Wrapping FTM and ETH
For EVM compatibility, Fantom adopts the Ethereum token standards. For certain actions like bidding on NFTs, users need to wrap FTM or ETH before initiating a transaction.
- On Fantom, wrapping tokens costs about $0.00006 at the time of writing.
- On Ethereum, the fee is $2.63
Token Swaps and DeFi
We can use FTMScan and Etherscan to compare further network fees, keeping in mind that what interests us is not the protocol of choice ‒ SushiSwap or SpiritSwap, for instance ‒ but rather the costs of smart contract execution.
(Note: Gas fees listed below were recorded at the time of writing; depending on the current prices of ETH and FTM, respectively, they will show in the blockchain explorer as higher or lower than what is entered in the table.)
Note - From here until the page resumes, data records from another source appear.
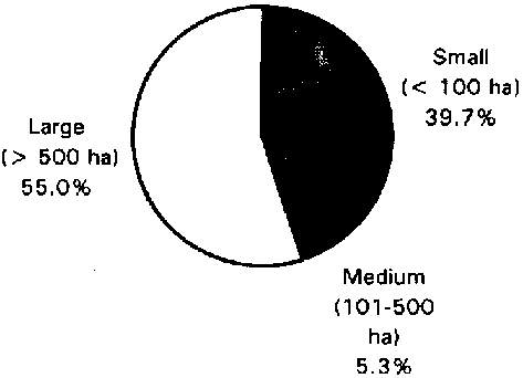 In 1994, 21 746 ha consisted of large schemes (> 500 ha), 2 091 ha of medium schemes and 15 708 ha of small schemes (<100 ha) (Figure 5).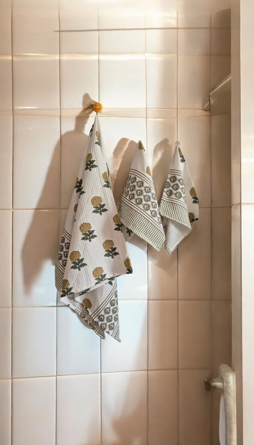 Yellow Floral White Handblock Towels Set of 3 – 1 Bath Towel, 2 Hand Towels, Soft Waffle Cotton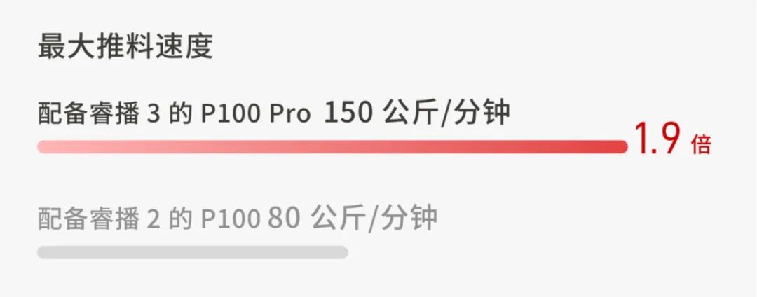 (需要注意的是:150 公斤/分钟最大推料速度是睿播 3 绞龙全速运转时的理论值,实际绞龙推料速度会受到实时余料量、颗粒种类/状态、料箱姿态等因素影响而有所差别。)除此之外,今年 P100 Pro/P100 2023 使用的是80 升超大料箱,纵深更大;双边加料口比前一代加大了 70% ,大大提升了使用便利性与加肥速度,两边同时加,省时又轻松。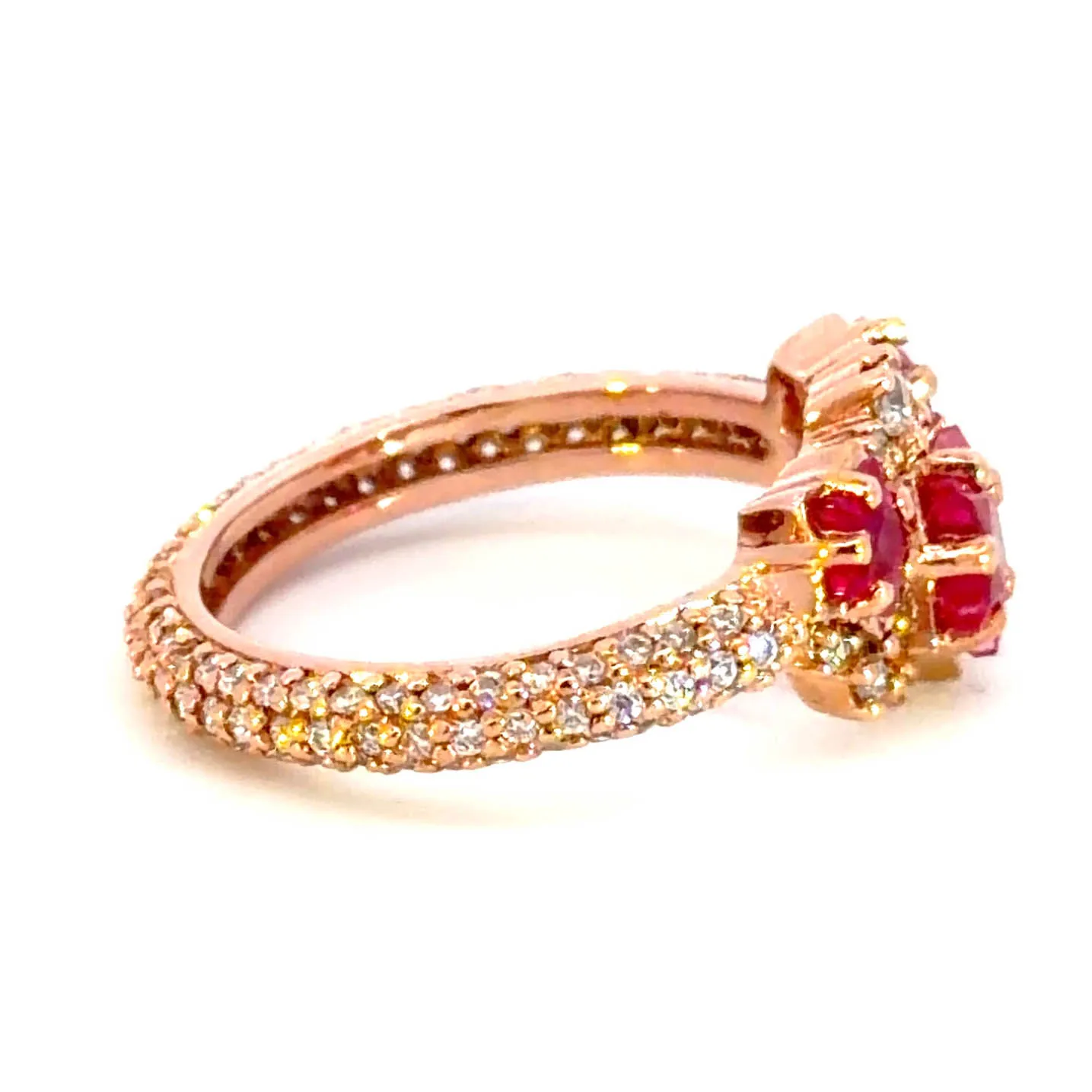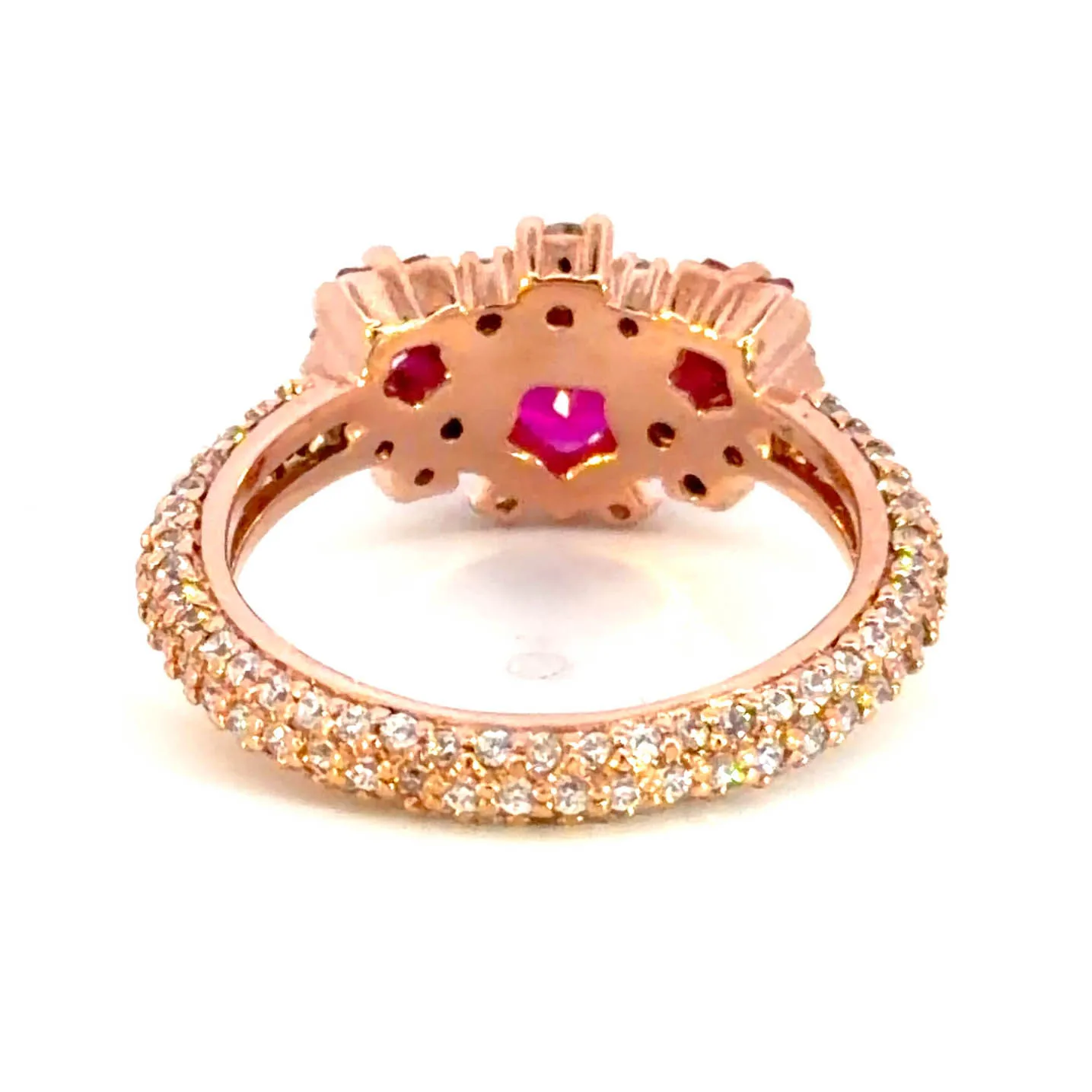 Exquisite cocktail ring featuring a vibrant, red ruby gemstone cut in a star shape with a mixed cutting style. Set in elegant rose gold, this statement piece radiates warmth and sophistication. The ruby’s captivating hue and the rose gold’s gentle sheen create a harmonious blend of luxury and unique design, perfect for adding a touch of glamour to any ensemble.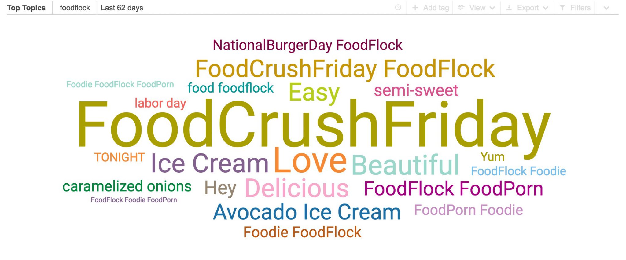 Los «topics» o términos relacionados con la etiqueta principal, hacen referencia en su mayoría al mundo Food o de los alimentos, destacando especialmente el hash #FoodCrushFriday

|Txn type||Cost||Txn type||Cost|
|Add Liquidity||0.00049010322077 FTM
|Add Liquidity||0.002882499464895144 Ether
|Token Swap||0.01164945115061 FTM
|Token Swap||0.002322801492187515 Ether
|Mint NFT||0.005162508 FTM
|Mint NFT||0.002464749751305807 Ether
These transactions entail engaging with relatively complex smart contracts. Across all transactions, fees on Fantom are orders of magnitude lower than on Ethereum.
Adoption starts with Accessibility
Much has changed since we proposed Fantom as an Ethereum Helper rather than a competitor: Fantom has evolved, and the ecosystem has grown exponentially.
But fundamentally, the situation and our ethos remain the same: Fantom’s EVM compatibility, speed, and low fees offer new and experienced crypto users easy and affordable options for any cryptocurrency use-case.